I am now convinced that /proc is showing total memory ever allocated since
the OS is not
recovering any freed memory. If you want to see memory allocated, but not
freed, just
do not destroy the DA and run with -malloc_test.

   Matt


> juhaj at dhcp071> CMD='import helpers;
> procdata=helpers._ProcessMemoryInfoProc();
> print procdata.rss/2**20, "MiB /", procdata.os_specific[3][1]; from
> petsc4py
> import PETSc; procdata=helpers._ProcessMemoryInfoProc(); print
> procdata.rss/2**20, "MiB /", procdata.os_specific[3][1]; da =
> PETSc.DA().create(sizes=[100,100,100],
> proc_sizes=[PETSc.DECIDE,PETSc.DECIDE,PETSc.DECIDE], boundary_type=[3,0,0],
> stencil_type=PETSc.DA.StencilType.BOX, dof=7, stencil_width=1,
> comm=PETSc.COMM_WORLD); procdata=helpers._ProcessMemoryInfoProc(); print
> procdata.rss/2**20, "MiB /", procdata.os_specific[3][1]'
> juhaj at dhcp071> mpirun -np 1 python -c "$CMD"
> 21 MiB / 22280 kB
> 21 MiB / 22304 kB
> 354 MiB / 419176 kB
> juhaj at dhcp071> mpirun -np 2 python -c "$CMD"
> 22 MiB / 23276 kB
> 22 MiB / 23020 kB
> 22 MiB / 23300 kB
> 22 MiB / 23044 kB
> 141 MiB / 145324 kB
> 141 MiB / 145068 kB
> juhaj at dhcp071> mpirun -np 4 python -c "$CMD"
> 22 MiB / 23292 kB
> 22 MiB / 23036 kB
> 22 MiB / 23316 kB
> 22 MiB / 23060 kB
> 22 MiB / 23316 kB
> 22 MiB / 23340 kB
> 22 MiB / 23044 kB
> 22 MiB / 23068 kB
> 81 MiB / 83716 kB
> 82 MiB / 83976 kB
> 81 MiB / 83964 kB
> 81 MiB / 83724 kB
>
> As one would expect, 4 ranks needs more memory than 2 ranks, but quite
> unexpectedly, 1 rank needs more than 2! I guess you are right: the
> 1-rank-case
> is not optimised and quite frankly, I don't mind: I only ever run small
> tests
> with one rank.

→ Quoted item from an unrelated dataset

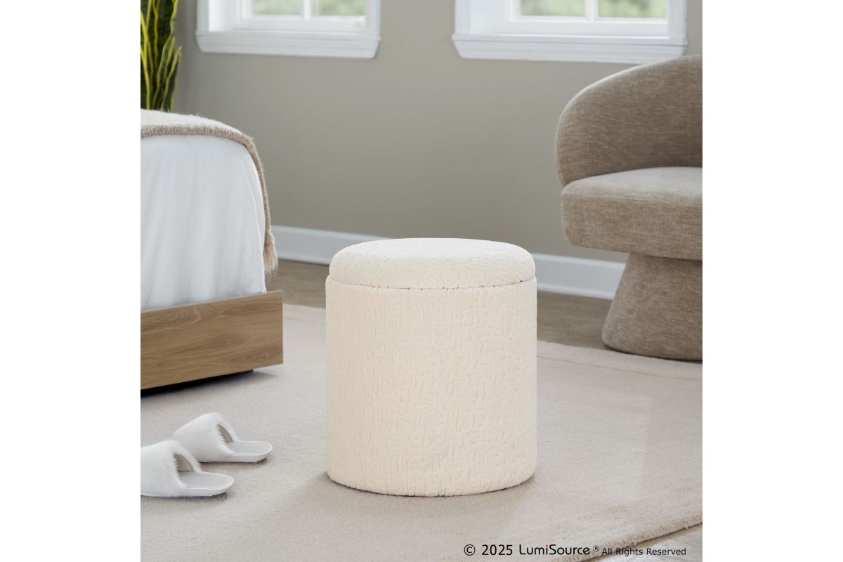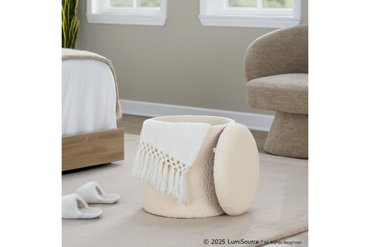 Elevate your living space with the stylish Tahoe Storage Ottoman by LumiSource, blending comfort and versatility in one elegant piece. Upholstered in a soft, stylish material, this ottoman adds a cozy touch while doubling as extra seating or a convenient footrest. Its sturdy frame and unique textured design make it a perfect accent for any room.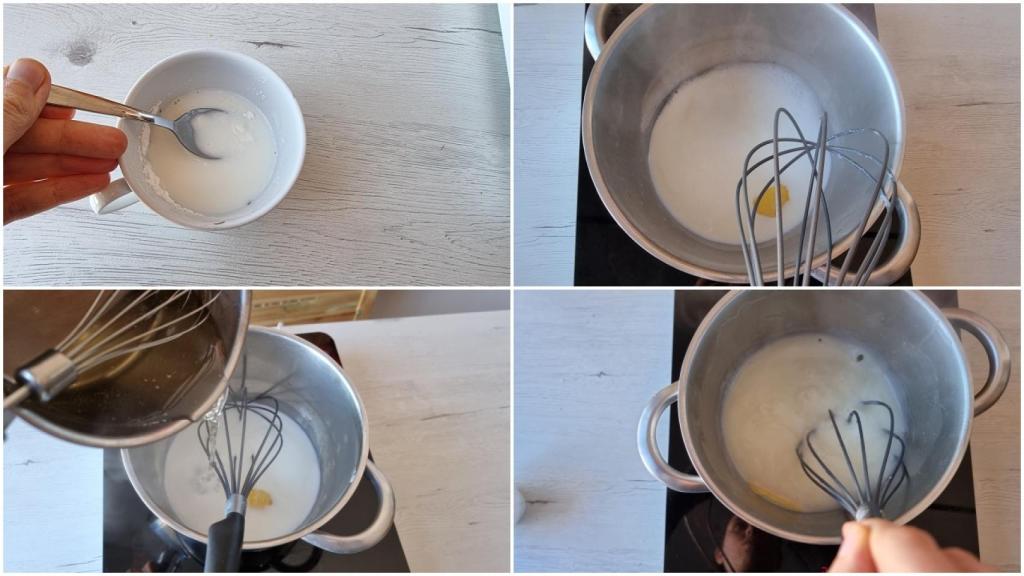 Disolver la harina en un poco de la leche y poner el resto de la leche en la olla hasta que hierva, con la canela y la piel de limón. Cuando rompa a hervir incorporar la mezcla de harina y leche y cocinar a fuego suave sin parar de remover con unas varillas hasta que la mezcla espese bien. Retirar la canela y el limón. Enfriar completamente.

Unfortunately, trying to create the simplest possible
> scenario
> to illustrate my point, I used a small DA and just one rank, precisely to
> avoid the case where the excess memory would be due to MPI buffers or such.
> Looks like my plan backfired. ;)
>
> But even still, my 53 MiB lattice, without any vectors created, takes 280
> or
> 320 MiB of memory – down to <6 from the original 6.6.
>
> I will test with 3.3 later today if I have the time, but I'm pretty sure
> things were "better" there.
>
> On Monday 21 October 2013 15:23:01 Barry Smith wrote:
> >    Matt,
> >
> >      I think you are running on 1 process where the DMDA doesn't have an
> > optimized path, when I run on 2 processes the numbers indicate nothing
> > proportional to dof* number of local points
> >
> > dof = 12
> > ~/Src/petsc/test  master $ petscmpiexec -n 2 ./ex1 -malloc_log | grep
> > VecScatter [0] 7 21344 VecScatterCreate()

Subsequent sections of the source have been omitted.